7: Hoodie

Màu nền
Font chữ
Font size
Chiều cao dòng

Refleks, Rindu terlihat panik sembari terbatuk-batuk. Ia gelagapan, mengedarkan pandangan untuk mencari tempat bersembunyi. Tanpa berpikir panjang, gadis itu berlari kecil masuk ke dalam area kasir di mana Padma berdiam diri. Bawah meja menjadi pilihan karena merasa badannya kecil sehingga bisa menyelip.

Seperti orang bodoh, Rindu merutuki sikapnya. Kenapa ia harus melakukan hal itu?

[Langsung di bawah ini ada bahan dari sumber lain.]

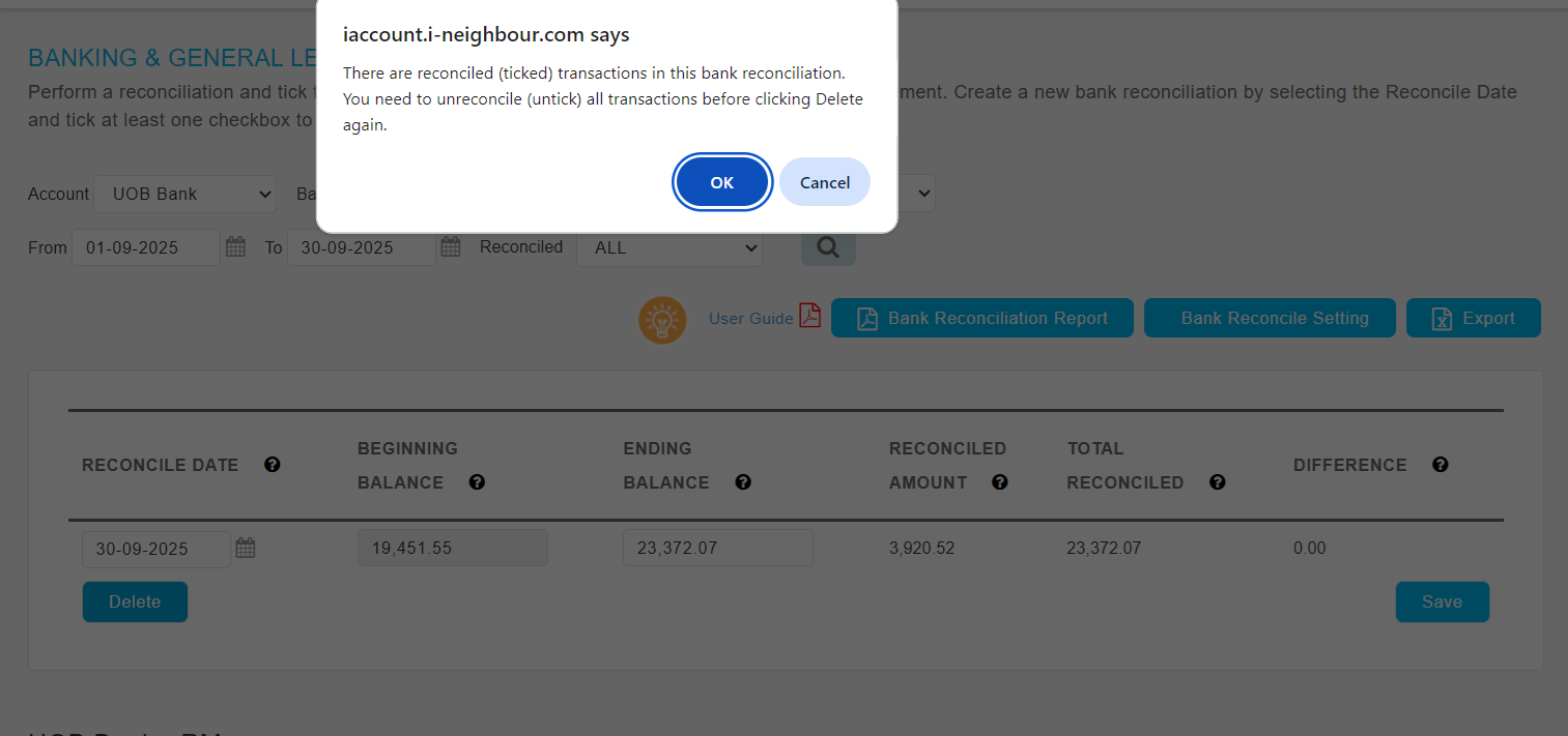 • Click the “Delete” button (located below Reconcile Date) – If there are no transactions ticked for this reconciliation, the system will allow you to delete it when you click Delete.

Bersamaan dengan masuknya sosok pria tinggi ke dalam, Padma cukup kebingungan dengan tingkah Rindu. Karena gadis itu memohon untuk mengabaikan, jadinya ia memilih menyapa pengunjung yang datang. "Halo, silakan kak," sebuah menu di sodorkan dengan ulas senyum ramah, "seminggu ini ada diskon khusus paket Renjana—"

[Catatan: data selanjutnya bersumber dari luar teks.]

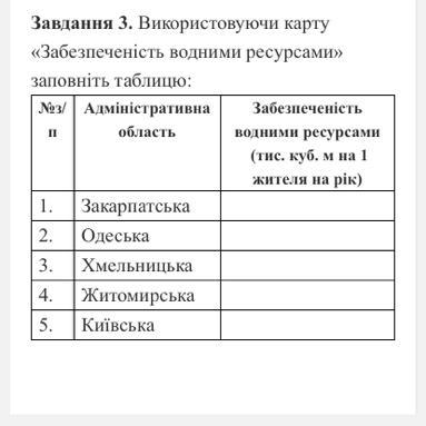 1. Закарпатська: від 3 до 7 тис. куб. м на 1 жителя на рік(більше середнього);

"Maaf menyela. Saya Lanang Lakeswara, mungkin ibu sudah tau maksud kedatangan saya kemari dari Auriga." Lanang duduk di kursi bekas Rindu, matanya sempat melirik sisa kue di meja.

Seraya memeluk kedua lutut, Rindu dapat melihat perubahan ekspresi pada rupa Padma dari bawah sana. Wajah wanita paruh baya itu menjadi tegang meski berusaha ditutupi dengan senyuman kaku.

"Sebentar ya, Pak Lanang." Padma beranjak ke pintu untuk membalikkan tulisan open menjadi closed, lalu menarik tirai tipis pada jendela hingga menyamarkan situasi di dalam. "Saya bukan orang yang Bapak cari."

"Lanang saja, Bu," cetus pria itu dengan sopan.

Padma kembali ke area dalam kasir sembari mengangguk. "Orang yang kamu cari enggan buat muncul, itu terlalu berisiko." Wanita itu menggaruk hidung mancung hasil operasi plastik dengan jari telunjuk. "Jadi kalau berkenan, semua interaksi bisa melalui saya sebagai pihak penengah yang diutus langsung oleh beliau."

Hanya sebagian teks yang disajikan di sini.